Где-то далеко, в коридоре или кабинете директора, играло радио, тихо, еле слышно. Скрипка звучала несколько минут, потом замолкла.
— Я родился в Москве ещё в конце прошлого столетия, — тихо начал Гурьянов, — и жил там до тысяча девятьсот седьмого года. В революцию тысяча девятьсот пятого года отца моего арестовали, он имел прямое отношение к организации рабочих боевых дружин во время Декабрьского восстания. Вот и выслали его в Сибирь, за Нерчинск, в шахты. Оттуда он убежал, друзья помогли перебраться в Париж, а вскоре там оказались и мы с мамой. После бегства отца нам невозможно было оставаться в Москве. Этот наш переезд я уже хорошо помню…
Гурьянов помолчал, словно припоминая. За стадионом прошла машина, на мгновение осветив окна, вырвала из тьмы белые верёвки гимнастических колец под потолком, и снова опустилась темнота и тишина в уютный зал.
— Стали мы жить в Париже, в районе Сен-Дени. Из Нерчинска отец приехал совсем больной. Туберкулёз. Я и сейчас помню, как он кашлял, когда читал мне газеты и учил французскому языку. Но продолжалось это недолго, похоронили мы с мамой его на кладбище Сен-Дени. На похоронах были наши русские товарищи — эмигранты. Пропели «Замучен тяжёлой неволей» и разошлись. Была зима, сыпался мокрый снег. И остались мы с мамой вдвоём. Жили трудно. Мама работала, понемножку меня учила. А у меня талант к рисованию проявился, даже в художественную школу меня взяли — всем казалось, что из меня выйдет настоящий художник.
Он снова помолчал. Железняк хотел представить, какие картины сейчас проходят перед глазами тренера, но не смог. Ребята молчали, они и не думали, что у Григория Ивановича была такая необычная жизнь.
— Да, — вздохнул тренер. — Там, с нами рядом, в мансарде жил один шофёр, Марсель Биго, очень хороший человек. Началась война, мне тогда пятнадцать лет было. Школа наша закрылась, и я пошёл на завод Рено, с пушечных лафетов заусенцы напильником снимал, платили по тем временам хорошо. Потом моя мать и Биго поженились, а ещё через год его взяли на войну. В то время я впервые увидел бокс и увлёкся им. Моя мать была ранена осколком бомбы и умерла. Цеппелин сбросил — это такие дирижабли были, они уже давным-давно вышли в тираж. И остался я на свете один-одинёшенек. Работал на заводе, боксом занимался, даже в клуб вступил.

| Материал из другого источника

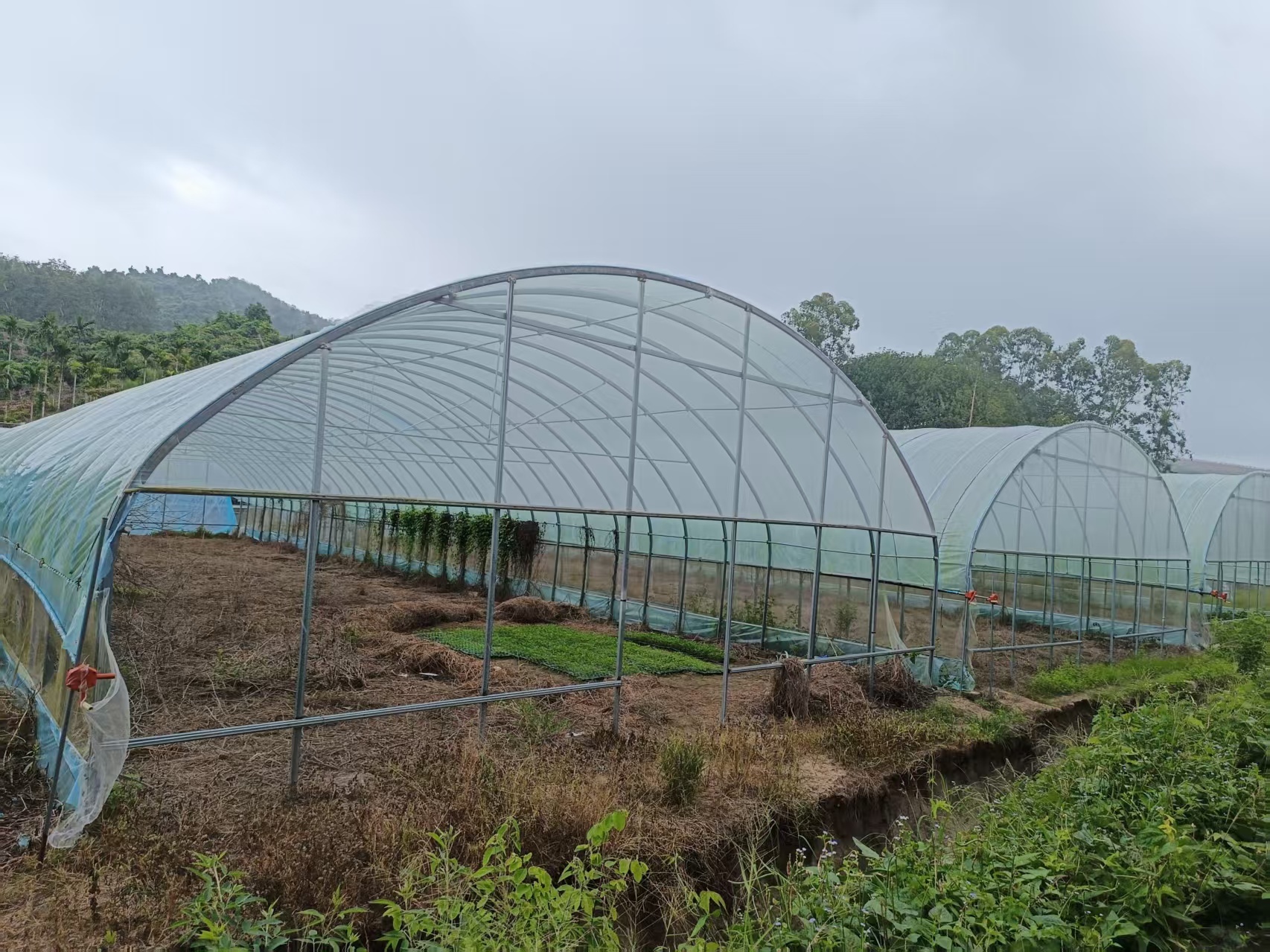 蔬菜大棚建成于2024年初,资产现状为空置尚未投入使用。大棚基础采用C25商砼浇筑,主体结构采用热镀锌椭圆管支撑结构,主钢架采用椭圆管,M梁支撑间距4米,主梁间距1米,主体钢架组装结构,蔬菜大棚外采用12丝po膜覆盖。 |

Кончилась война, вернулся мой отчим Марсель Биго домой, стали мы жить вместе. Хорошо жили, дружно. А мои боксёрские дела в гору шли, я даже контракт с менеджером заключил, стал выступать в среднем весе, на окраинах Парижа меня уже хорошо знали. И за живопись опять взялся. Чего я только не рисовал в те годы, и смех и грех! Сейчас вспомнить и смешно и больно, а тогда казалось, что у меня настоящий талант. Такого, бывало, намажешь, а товарищи хвалят: «Ты прокладываешь новые пути в искусстве». Только Биго придёт, посмотрит и молча уйдёт. Страшно это меня обижало. Однажды чуть не навек поссорились мы с ним. Сказал он мне: «Боксёр ты классный, а художник никакой!»